*Problem description*
From the listing below, reproduce exactly the lines starting with the one with "фетра к риволи." and going on through the one with "universal design of", both ends kept. No picture is copied.

*Excerpted data*
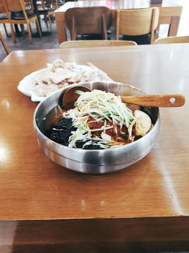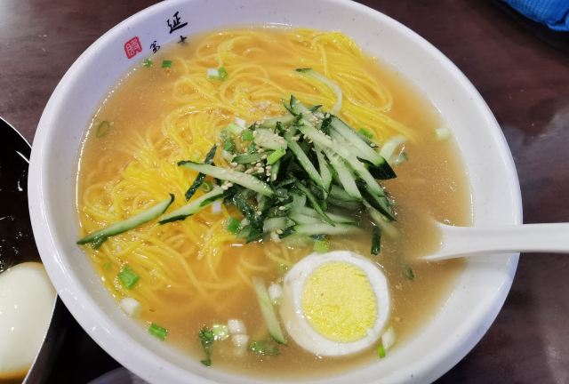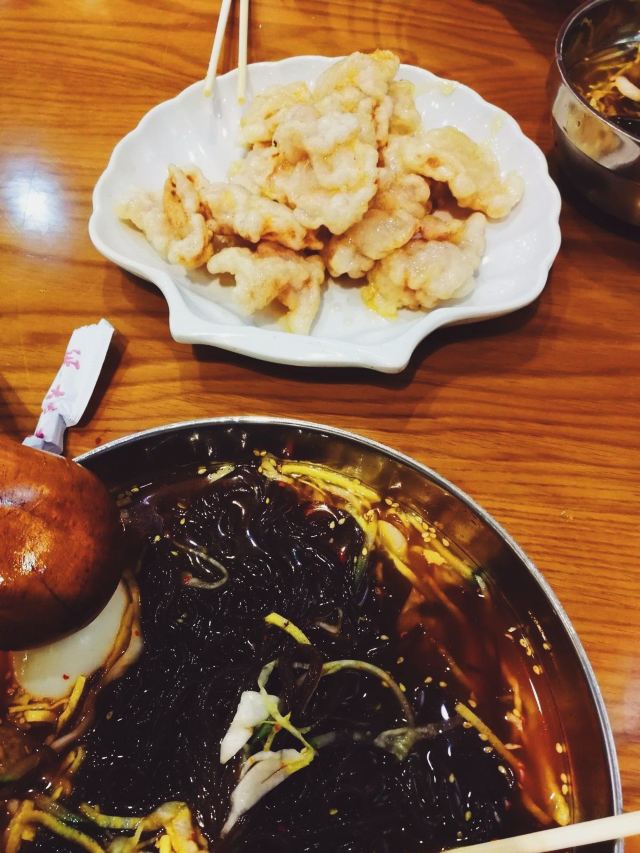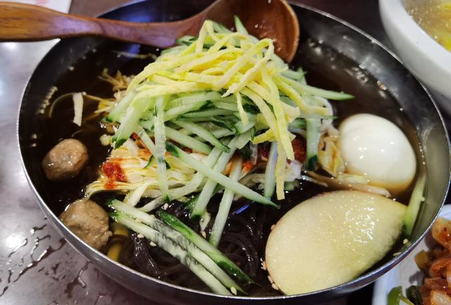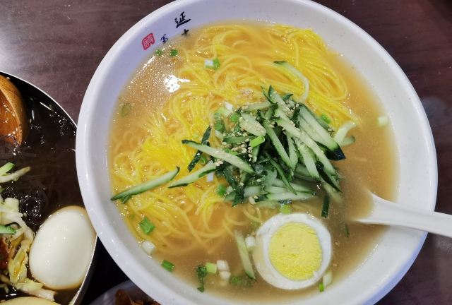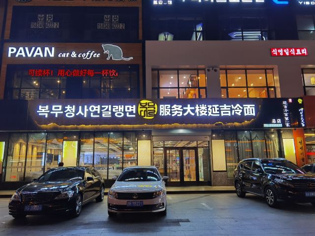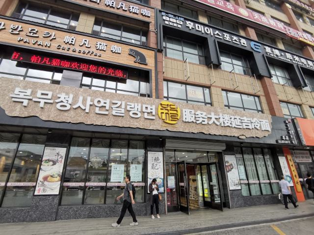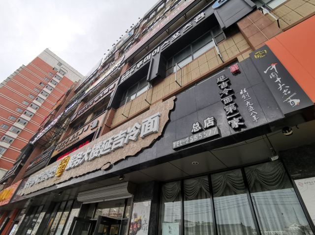 服务大楼延吉冷面:延边大学附近也有很多美食,喜欢吃冷面的同学不可错过学校正门对面的服务大楼冷面。这里是延吉的第一家冷面,老字号。晚上8点就关门了,一定要早点过来。冷面是朝鲜族传统食物,使用荞麦面或小麦面制成。朝鲜族有正月初四中午或者过生日时吃冷面的传统,据民间传说,这一天吃了纤细绵长的冷面就会预兆多福多寿,长命百岁,故冷面又叫:长寿面。冷面是必点的,如果不想吃冷的也可以点温面,味道也是不错的。特技冷面是加了很多丰富的配料,价格是普通冷面的一倍,建议点普通冷面即可,份量也很大,面条爽口Q弹,冰冰冷的好好吃。玉米温面也同样Q弹,好吃。
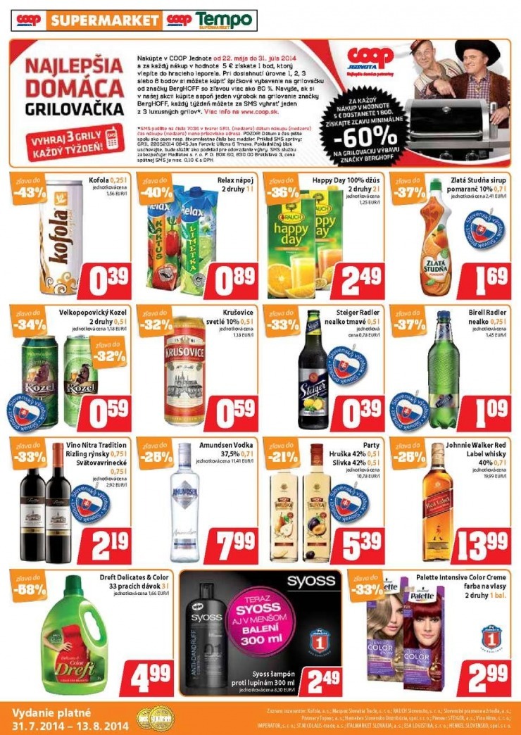 Prohlížíte si akční leták COOP akčný leták s platností 31. 7. - 13. 8. 2014.
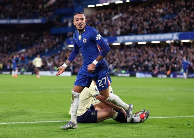 帕尔默——本赛季首次在斯坦福桥亮相——开场相对安静,但切尔西10号仅需一次灵光闪现的时刻就能激活自己,并扭转比赛势头。在埃弗顿开场一段不错的施压之后,切尔西右后卫古斯托将一记力度恰到好处的球快速传至帕尔默的跑动路线上,后者用擅长的左脚完成了果断的射门。这是帕尔默自九月以来的首粒进球——让他有机会展示其标志性的‘Shiver’庆祝动作,他上个月刚刚成功注册了这个动作的商标。
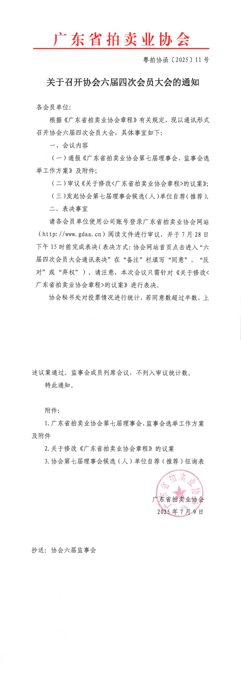 1.廣東省拍賣業(yè)協(xié)會第七屆理事會、監(jiān)事會選舉工作方案及附件(點擊下載) 2.關于修改《廣東省拍賣業(yè)協(xié)會章程》的議案(點擊下載) 3.協(xié)會第七屆理事會候選(人)單位自薦(推薦)征詢表(點擊下載)
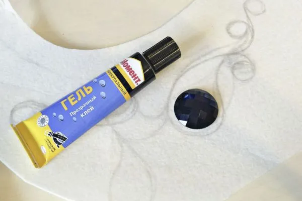 • 7. Готовую, обшитую риволи пришиваем к фетру в заранее отмеченное карандашом место. Обшиваем новый элемент по кругу, чтобы сделать более плавный переход от фетра к риволи.
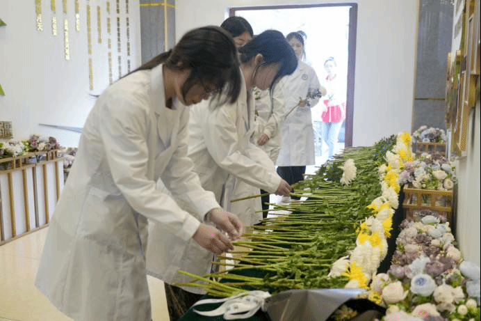上午9时,全体人员肃立默哀,向遗体捐献者致敬。市红十字会领导在致辞中表示,遗体捐献者为医学教育提供了重要教学资源,应当持续强化医学人文教育,引导学生践行“敬畏生命、精进医术”的初心。捐献者家属代表回顾了亲人自愿捐献遗体的过程,她表示,亲属生前基于推动医学进步的考量捐献遗体,既是生命最后的奉献,亦是对“人道、博爱、奉献”精神的切实践行。受捐者代表分享了接受器官移植后重获健康的经历,呼吁社会关注遗体与器官捐献事业。随后,全体医学生重温《医学生誓言》,仪式最后,全体人员向遗体捐献者敬献上代表高洁和追思的菊花,表达感恩和尊敬。
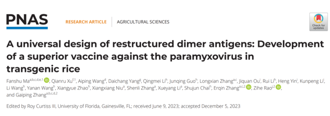 以COVID-19大流行为代表的重大、多发、高发、新发传染病的持续出现,给疫苗研发带来了巨大挑战。这突显了疫苗研发领域对于安全、高效、更低成本疫苗的迫切需求。近日,张改平院士团队在国际知名期刊PNAS在线发表了一篇题为“A universal design of restructured dimer antigens: development of a superior vaccine against the paramyxovirus in transgenic rice”的研究论文,为解决当前疫苗研发领域的难题提供了一项重要的突破性方案。
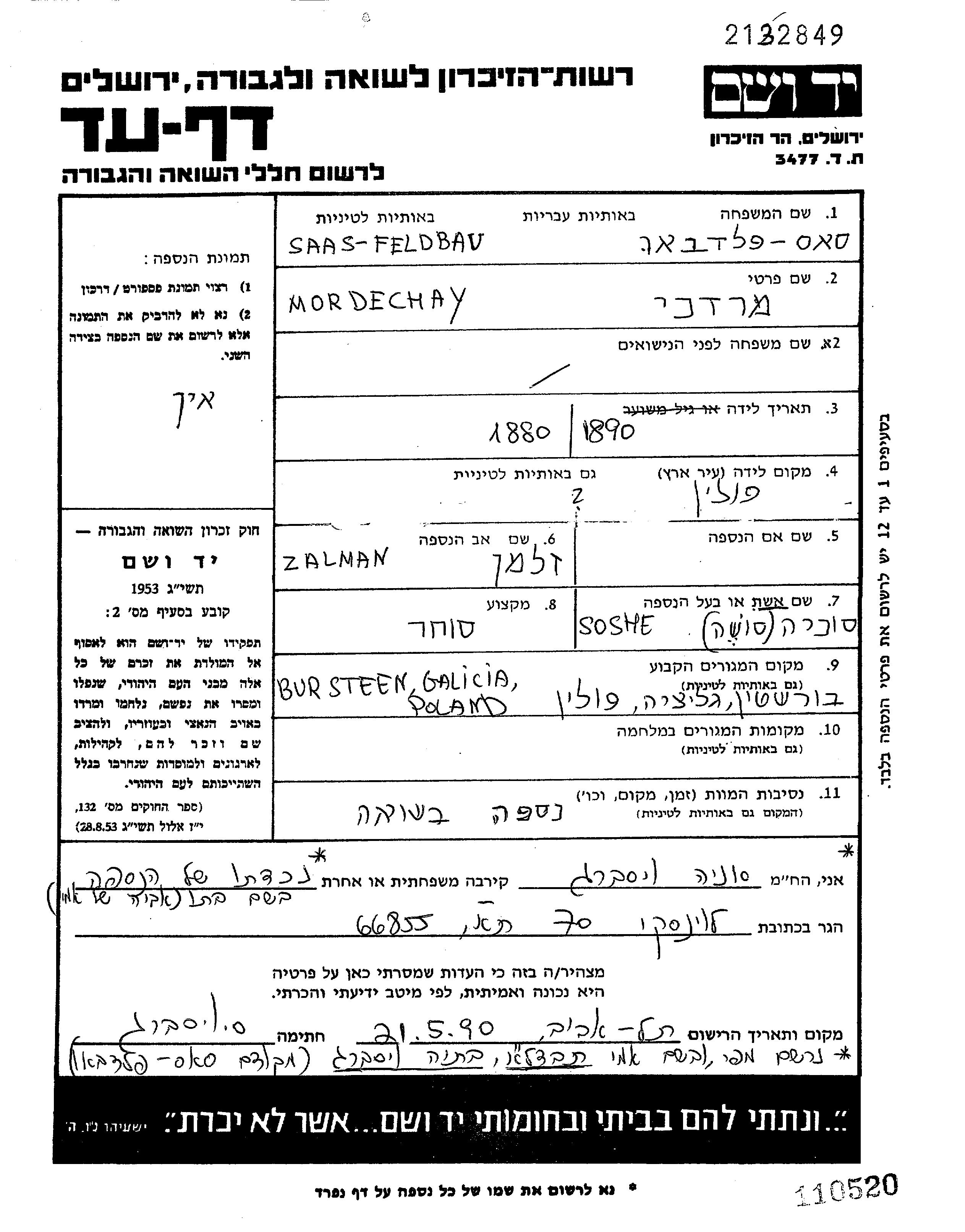 חיפוש שם מוסר דף העד. חיפוש לפי כל שם פרטי, כולל כינוי או שם חיבה
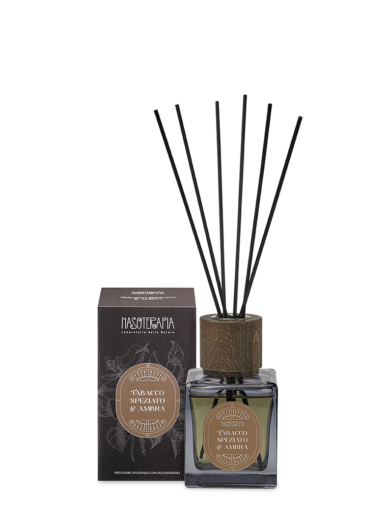 Il misterioso profumo dell’Ambra si fonde con le note speziate del Tabacco dando vita a una fragranza sensuale e magnetica che, sprigionandosi in modo naturale e costante dal diffusore a bastoncini rende ogni ambiente caldo e avvolgente.
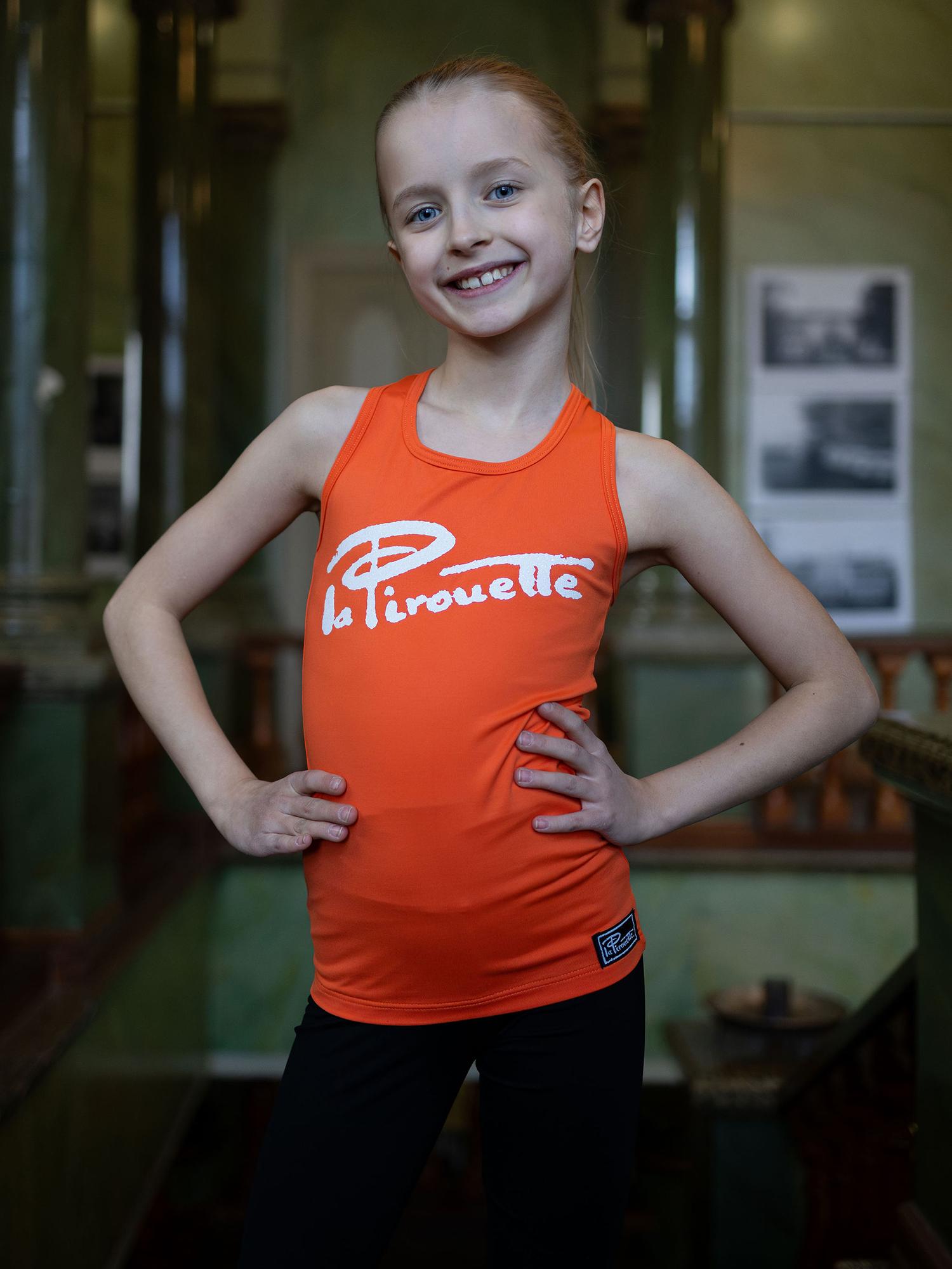 Pirteän oranssi painijaselkäinen toppi valkoisella ”la Pirouette” kimalleprintillä. Kausiväri saatavilla vain rajoitetun ajan!

*Solution for this task*
 • 7. Готовую, обшитую риволи пришиваем к фетру в заранее отмеченное карандашом место. Обшиваем новый элемент по кругу, чтобы сделать более плавный переход от фетра к риволи.
上午9时,全体人员肃立默哀,向遗体捐献者致敬。市红十字会领导在致辞中表示,遗体捐献者为医学教育提供了重要教学资源,应当持续强化医学人文教育,引导学生践行“敬畏生命、精进医术”的初心。捐献者家属代表回顾了亲人自愿捐献遗体的过程,她表示,亲属生前基于推动医学进步的考量捐献遗体,既是生命最后的奉献,亦是对“人道、博爱、奉献”精神的切实践行。受捐者代表分享了接受器官移植后重获健康的经历,呼吁社会关注遗体与器官捐献事业。随后,全体医学生重温《医学生誓言》,仪式最后,全体人员向遗体捐献者敬献上代表高洁和追思的菊花,表达感恩和尊敬。
 以COVID-19大流行为代表的重大、多发、高发、新发传染病的持续出现,给疫苗研发带来了巨大挑战。这突显了疫苗研发领域对于安全、高效、更低成本疫苗的迫切需求。近日,张改平院士团队在国际知名期刊PNAS在线发表了一篇题为“A universal design of restructured dimer antigens: development of a superior vaccine against the paramyxovirus in transgenic rice”的研究论文,为解决当前疫苗研发领域的难题提供了一项重要的突破性方案。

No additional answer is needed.